This thesis addresses the issue of making an economic case for bulk energy storage in the Arizona bulk power system. Pumped hydro energy storage (PHES) is used in this study.

This thesis addresses the issue of making an economic case for bulk energy storage in the Arizona bulk power system. Pumped hydro energy storage (PHES) is used in this study. Bulk energy storage has often been suggested for large scale electric power systems in order to levelize load (store energy when it is inexpensive [energy demand is low] and discharge energy when it is expensive [energy demand is high]). It also has the potential to provide opportunities to avoid transmission and generation expansion, and provide for generation reserve margins. As the level of renewable energy resources increases, the uncertainty and variability of wind and solar resources may be improved by bulk energy storage technologies.

For this study, the MATLab software platform is used, a mathematical based modeling language, optimization solvers (specifically Gurobi), and a power flow solver (PowerWorld) are used to simulate an economic dispatch problem that includes energy storage and transmission losses. A program is created which utilizes quadratic programming to analyze various cases using a 2010 summer peak load from the Arizona portion of the Western Electricity Coordinating Council (WECC) system. Actual data from industry are used in this test bed. In this thesis, the full capabilities of Gurobi are not utilized (e.g., integer variables, binary variables). However, the formulation shown here does create a platform such that future, more sophisticated modeling may readily be incorporated.

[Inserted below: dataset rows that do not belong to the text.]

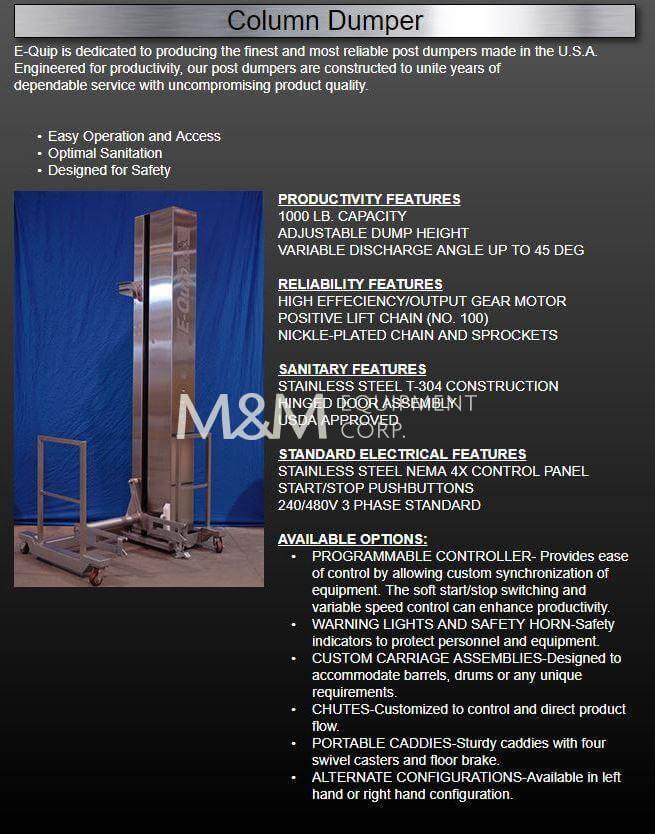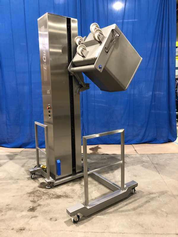 New E-Quip, Model 322 Cart Lift, stainless steel construction, 10′ overall height, 1,000# lift capacity, adjustable dump height up to 96″, Right hand or Left hand discharge, Portable base, 1.5 hp brake motor, 220/480V/3PH/60HZ.
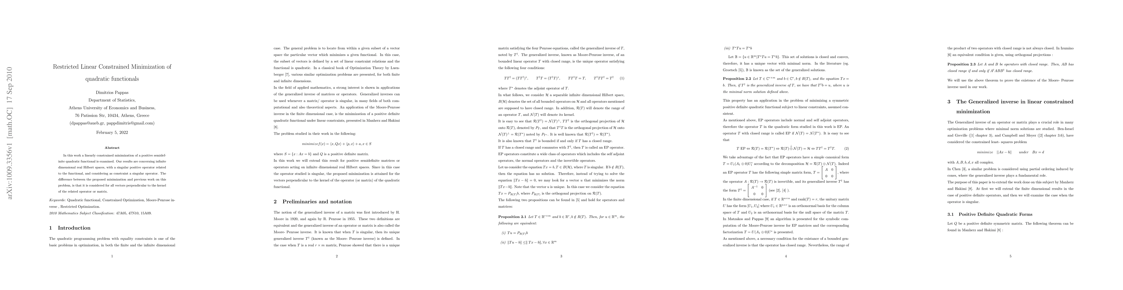 Researchers examine the minimization of positive semidefinite quadratic functionals in infinite-dimensional Hilbert spaces with singular operators as constraints, offering a new approach that considers vectors perpendicular to the kernel of these operators.
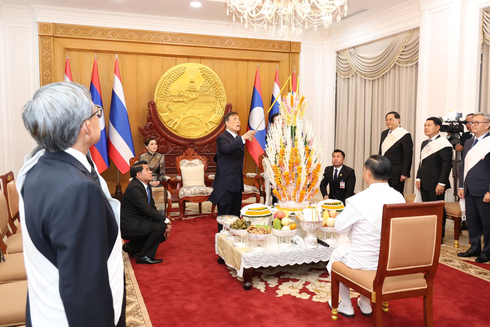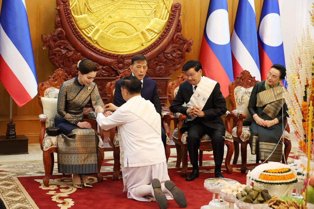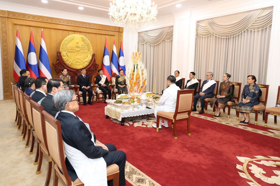 เมื่อวันที่ 17 มี.ค.2569 เวลา 18.38 น (เวลาท้องถิ่น) พระบาทสมเด็จพระเจ้าอยู่หัว และสมเด็จพระนางเจ้า ฯ พระบรมราชินี เสด็จพระราชดำเนินโดยรถยนต์พระที่นั่ง จากโรงแรมคราวน์พลาซ่า เวียงจันทน์ ไปในพิธีบายศรีทูลพระขวัญ ณ หอคำ(ทำเนียบประธานประเทศ) เมื่อเสด็จพระราชดำเนินถึงนายทองลุน ลีสุลิด ประธานประเทศแห่งสาธารณรัฐประชาธิปไตยประชาชนลาว และนางนาลี สีสุลิด ภริยา เฝ้าทูลละอองธุลีพระบาทรับเสด็จ จากนั้น เสด็จพระราชดำเนินพร้อมด้วยประธานประเทศ และภริยา ไปยังห้องพิธีทูลพระขวัญ พระราชทานพระบรมราชานุญาตให้ นายคำหมั้น จันทะวง หมอพรผู้ประกอบพิธีบายศรีทูลกระขวัญประกอบพิธี
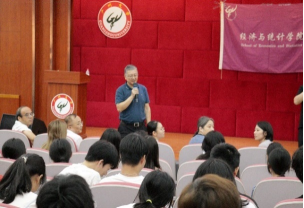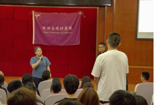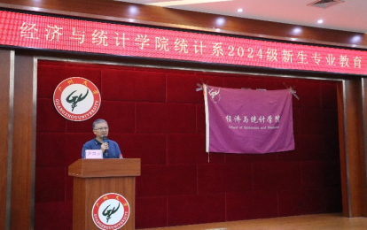 统计系会场,尹居良副院长对新生的到来表示热烈的欢迎,并介绍了学院雄厚的师资力量、优质的办学条件、各专业的就业前景。此外,尹院长勉励新生要珍惜大学时光,主动学习,夯实专业基础,丰富知识储备,提升个人能力,为未来发展奠定坚实基础,进而成就辉煌人生。
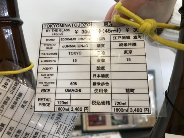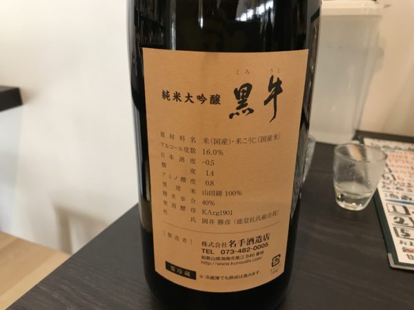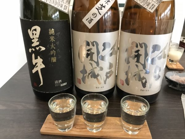右から純米吟醸原酒の江戸開城山田錦、江戸開城雄町、純米大吟醸黒牛です。
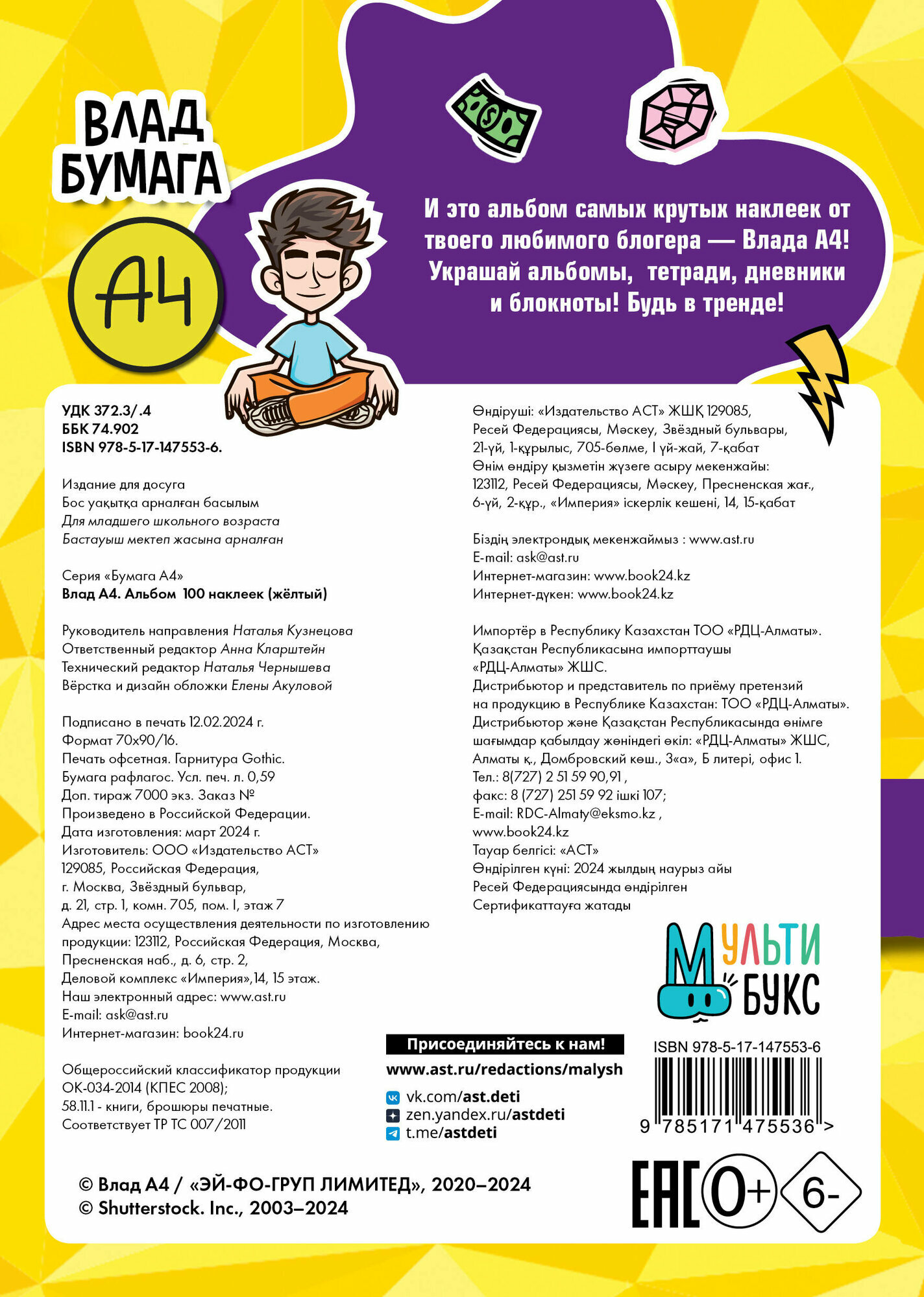 Влад А4. Альбом 100 наклеек (желтый) информация:
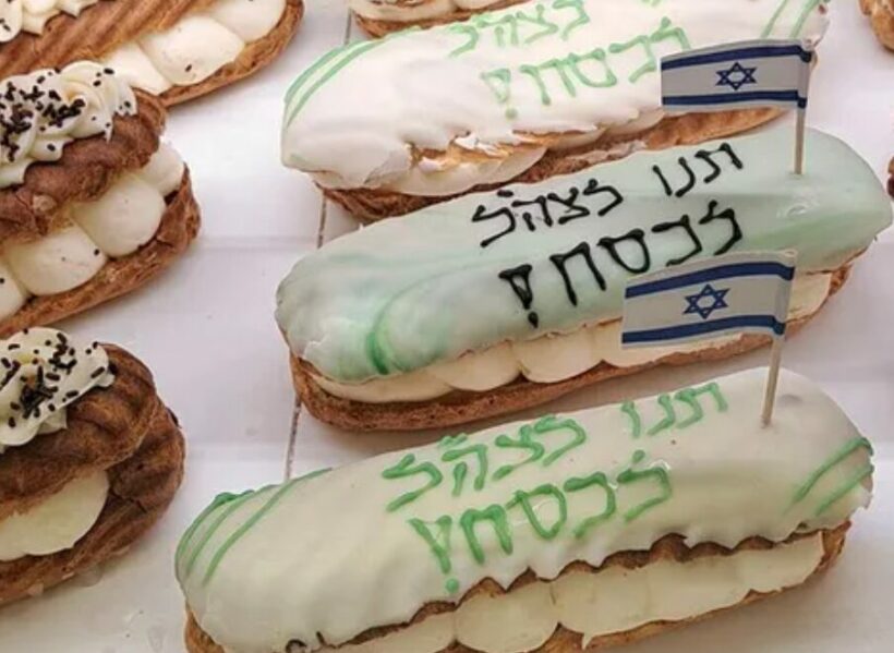 Le paste dolci farcite di crema e rivestite di glassae decorate con queste frasi sono state notate da una giornalista, Josie Glausiusz *, che nella notizia pubblicata sul quotidiano Haaretz il 6 maggio li ha descritti precisando che erano in vendita in una panetteria della sua città, Modi’in -Maccabim-Re’ut, nei giorni precedenti alla festa nazionale di Yom HaAtzmaut, cioè del Giorno dell’Indipendenza, celebrata alla ricorrenza della proclamazione dello stato d’Israele, che è avvenuta il 15 maggio 1948 in coincidenza con il ritiro delle truppe inglesi dalla Palestina e con l’inizio della nakba, ovvero della deportazione dei palestinesi dai territori occupati dai coloni israeliani.
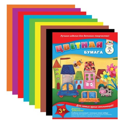 Набор цветной бумаги для детского творчества. Цвета: красный, желтый, оранжевый, зеленый, синий, фиолетовый, коричневый, черный.
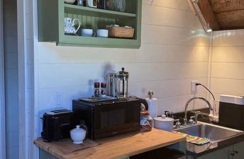 In addition to the main house, Shed Peaks offers a peaceful, detached bedroom just 50 feet from the home near the garden. This cozy hideaway has a queen bed, electricity, a small entry porch, and a deck. While it has no bathroom or running water, the breezes and privacy make it a favorite for guests who enjoy a quiet escape. (Shed Peaks is not Heated and only available during the warmer months. (May-October)
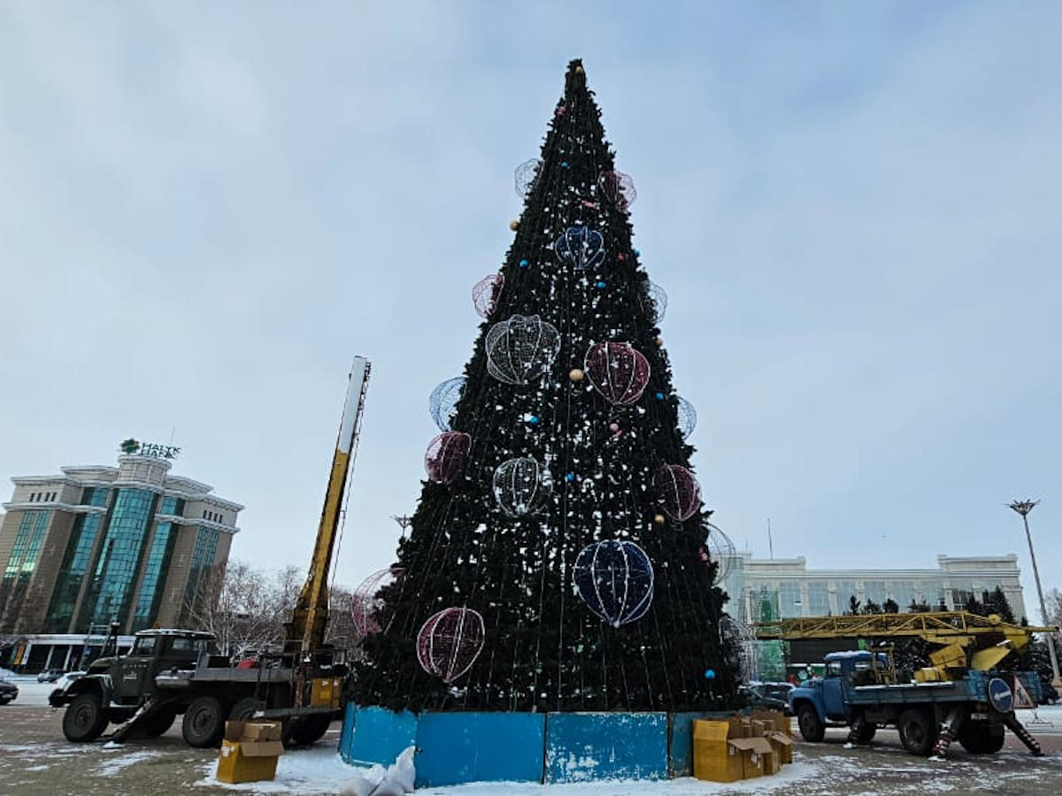 В областном центре продолжается украшение новогодней ёлки на площади Республики, передает YK-news.kz.

The developed software is used to assess the Arizona test bed with a low level of energy storage to study how the storage power limit effects several optimization outputs such as the system wide operating costs. Large levels of energy storage are then added to see how high level energy storage affects peak shaving, load factor, and other system applications. Finally, various constraint relaxations are made to analyze why the applications tested eventually approach a constant value. This research illustrates the use of energy storage which helps minimize the system wide generator operating cost by "shaving" energy off of the peak demand.

The thesis builds on the work of another recent researcher with the objectives of strengthening the assumptions used, checking the solutions obtained, utilizing higher level simulation languages to affirm results, and expanding the results and conclusions.

One important point not fully discussed in the present thesis is the impact of efficiency in the pumped hydro cycle. The efficiency of the cycle for modern units is estimated at higher than 90%. Inclusion of pumped hydro losses is relegated to future work.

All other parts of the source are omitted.